Por Ivone Martínez
"Y aunque el canto que escuché hablaba de la guerra, de las hazañas de una generación entera de jóvenes latinoamericanos sacrificados, yo supe que por encima de todo hablaba del valor y de los espejos, del deseo y del placer. Y ese canto es nuestro amuleto."
No cabe duda que existen diversas temáticas en la literatura. Se encuentran temas poco trabajados (como manifestaciones, feminismo, etc.) y suelen contar con narradores intradiegéticos. Hace un par de años tuve la oportunidad de leer Amuleto del escritor chileno Roberto Bolaño. Antes de avanzar, debo de mencionar que no había leído antes nada del autor quien cuenta con una estética bastante peculiar, si es que te gusta encontrar una vacilación visual.
Ahora, ¿por qué decidí hacer una breve reseña de Amuleto? Primero, habla sobre un pasado que México ignora: el Movimiento Estudiantil de 1968. No todos los autores se arriesgan a hablar del pasado de un país que no es el suyo. Bolaño era un adolescente de 15 años que se había mudado de Chile para establecerse en México. Siendo uno de los movimientos sociales más importantes del país, Bolaño plasma sus recuerdos en la novela. En Segundo, creo que es de las pocas novelas que le abren los ojos a las nuevas generaciones, pero, ¿realmente vale la pena leerlo? Mi respuesta es sí.

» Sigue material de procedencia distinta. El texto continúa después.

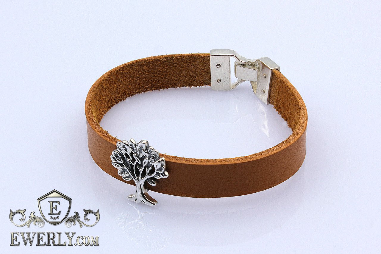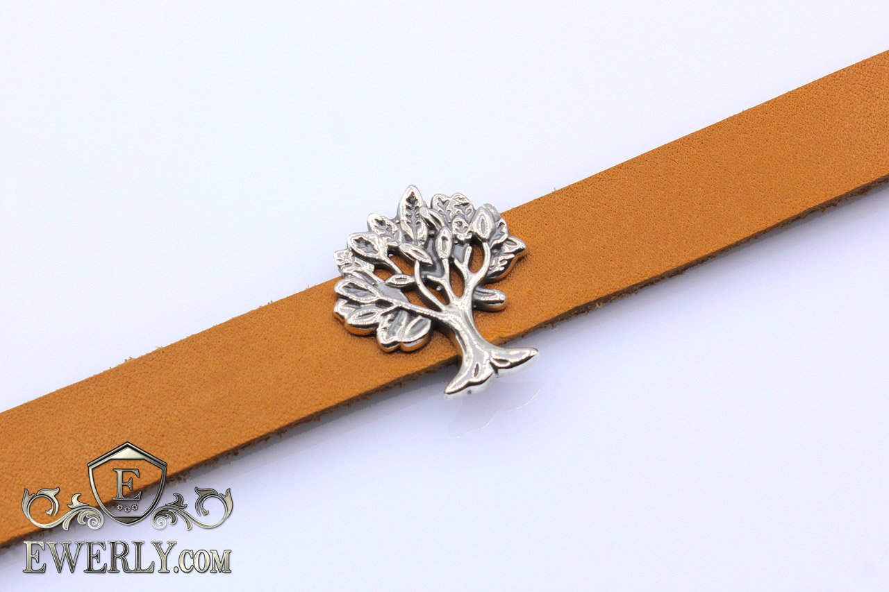 Женский браслет из натуральной кожи с серебряным замком и серебряной вставкой в виде дерева.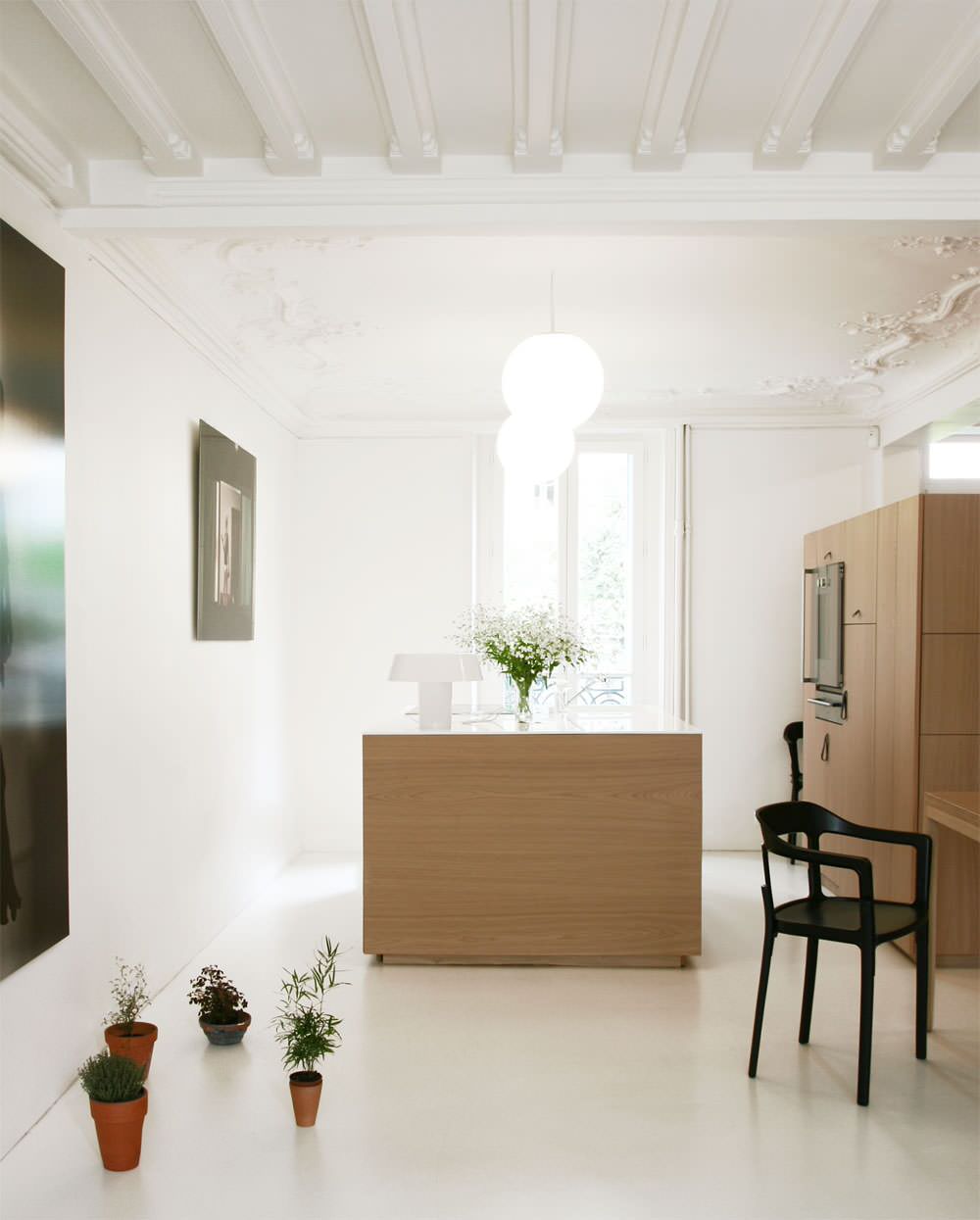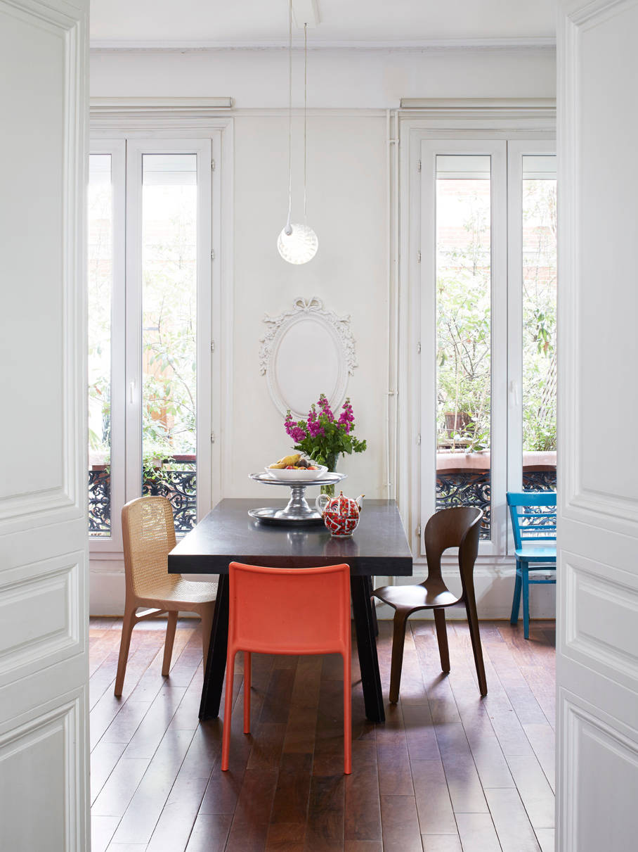 Dans cette petite salle à manger, notre regard ne se dirige pas vers le mur blanc et nous n’avons pas le sentiment que la pièce est triste. Cet effet est causé par le mobilier qui a été choisi avec soin. L’essence de bois, les piétements colorés, la structure même du mobilier réchauffent l’atmosphère et donne au blanc une certaine splendeur.

Se cuenta la historia de Auxilio Lacouture, la "madre de todos los poetas mexicanos" como se autodenomina, una uruguaya residiendo en México quien subsiste de pequeños trabajos y es una fiel amante de la vida bohemia. En un día como cualquier otro desde los baños de la Facultad de Filosofía y Letras de la UNAM, es testigo de cuando el ejército toma posesión de la universidad y queda encerrada durante quince días. Durante toda la historia hay un movimiento cíclico, es decir, se parte y se regresa a los baños como una especie de encierro. Interpretaría la historia como una pelea entre utopías, y su adaptación de la sociedad a ellas después del movimiento, pero no generalizo, cada mente es un mundo en cuestión de sus recuerdos.

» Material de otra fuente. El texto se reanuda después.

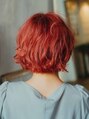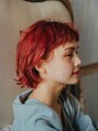 ヴィヴィットなピンクオレンジのカラーが映えるボブスタイル!バングも広めにとって個性的な髪型です!ショートからのアレンジで伸ばしかけの時期などにもおすすめ!スタイリングはランダムにはねさせたラフ感でカジュアルなときにもおすすめ!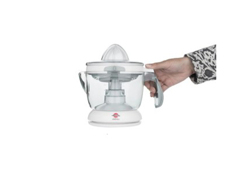این محصول لوازمی که برای گرفتن سریع و آسان آب مرکبات مورد نیاز هستند را دارد. مخزن آبمیوه با ظرفیت 1 لیتر کاربر را از استفاده از ظرفی مجزا برای جمعآوری آبمیوهی تهیهشده بینیاز میکند و دو سری بزرگ و کوچک امکان گرفتن آب مرکبات با اندازههای مختلف را فراهم میسازد. طراحی این دستگاه بهصورتی انجام شده که بتوان با توجه به سلیقهی کاربر میزان پالپی را که از صافی رد میشود تنظیم کرد. البته یکی از معایب قابل توجه سریها و صافی این محصول پلاستیکیبودن آنها است که در مقایسه با اجزای استیل دستگاههای مشابه دوام و زیبایی کمتری دارد. هر چند این ایراد را میتوان با توجه به قیمت دستگاه نادیده گرفت. محدودیت دیگر دستگاه نداشتن اهرم آبگیری است. برای گرفتن آب مرکبات با استفاده از این محصول لازم است کاربر با دست فشار لازم برای خارجشدن آب مرکبات را روی سری وارد آورد و این در مقایسه با آب مرکباتگیریهایی که دارای اهرم فشار هستند انرژی بیشتری را میطلبد. دستگاه ساده طراحی شده و از نظر ظاهری چیزی بیشتر از یک پارچ نیست که البته این خود مزیتی برای راحتی استفاده از دستگاه برای انتقال آبمیوه از مخزن به لیوان است. پایهی ضد لغزش مانع از جابهجاشدن دستگاه حین گرفتن آبمیوه میشود. درپوش ضد گرد و غبار یکی از اجزای این محصول است که به پاکیزه نگاهداشتن سری در زمانهایی که از دستگاه استفاده نمیشود کمک میکند. همهی قسمتهایی که نیاز به شستوشو دارند از دستگاه جدا میشوند و میتوان بدون نگرانی از بابت خطر برقگرفتگی آنها را شست.توان دستگاه نسبت به محصولات رقیب کمی ضعیف است اما این توان به اندازهای هست که بهخوبی برای تهیهی آبمیوه در آشپزخانههای خانگی کارا باشد. طول سیم دستگاه اندازهی مناسبی دارد و درنظرگرفتن محفظهای برای جمعکردن سیم به حفاظت از آن کمک میکند.

Invito a leer esta novela debido a que cuenta con un lenguaje bastante sencillo y práctico para el lector principiante. La mayoría de los lugares mencionados en la novela están disfrazados, por ejemplo, el "Café Quito" es el café "La Habana" que se encuentra en paseo de la Reforma. Principalmente creo que las nuevas generaciones deberían de leerla debido a que últimamente decidimos "defender" nuestros ideales detrás de una pantalla, pero no somos capaces de actuar... ¿A que le tememos a un sistema que es elegido por nosotros?